Kohls addressed an analogous situation in which an employer
did not discover deficiencies in an employee's work until after
the employee took leave. Confronted with the argument that the
timing of the employer's actions demonstrated that the employee's
termination would not have occurred absent the leave, Kohls,
259 F.3d at 806 held "[t]he fact that the leave permitted the
employer to discover the problems cannot logically be a bar to
the employer's ability to fire the deficient employee." So too,
if Pepsi's version of events is credited, the fact that Henry's
FMLA leave allowed Pepsi to discover that her duties were easily
absorbed by other employees should not be a bar to what would be Pepsi's otherwise legitimate personnel decision.
Next Henry attacks the sufficiency of Pepsi's evidence as to
its reasons for her termination. She claims that she was
terminated "simply because her position no longer [was] full
time" (H. Mem. 12), arguing that Pepsi didn't have a legitimate
reason for terminating her because it has not been able to
produce evidence of pressing budget constraints at the Facility
in 2002 or evidence of any corporate directives regarding
layoffs, reductions in force or streamlining at the Facility. But
it must be remembered that for Rule 56 purposes Pepsi's version
must be credited, so that it cannot be held that a factfinder
would necessarily reject the evidence presented by Pepsi in
support of its assertion that Henry's position was unnecessary.

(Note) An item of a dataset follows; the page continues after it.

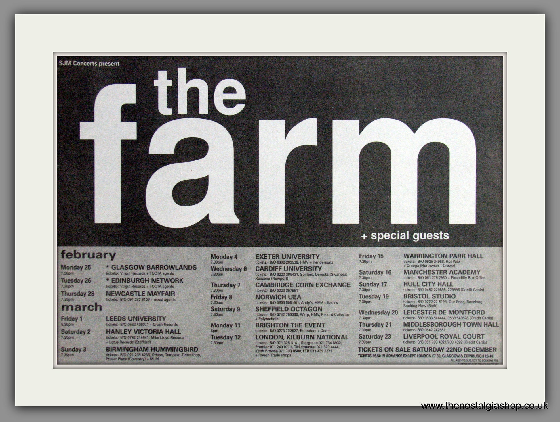 The Farm, Tour Dates With Special Guests. 1990 Original Advert (ref AD53140)

In sum, it cannot be said as a matter of law that Henry has
overcome the evidence proffered by Pepsi in support of its
assertion that her position would have been eliminated regardless
of whether she took FMLA leave. And so Henry is not entitled to
judgment as a matter of law with respect to her claim that
Pepsi's termination of her employment violated Section 2615 (a)
For the reasons stated here, Henry's Rule 56 motion for summary
judgment is denied. Because the parties have previously submitted, and this Court has issued, a final pretrial order, and
because this Court has contemporaneously resolved the parties'
motions in limine on which briefing has just been completed, this
case will be set for trial when all parties have indicated their
dates of unavailability during the next several months.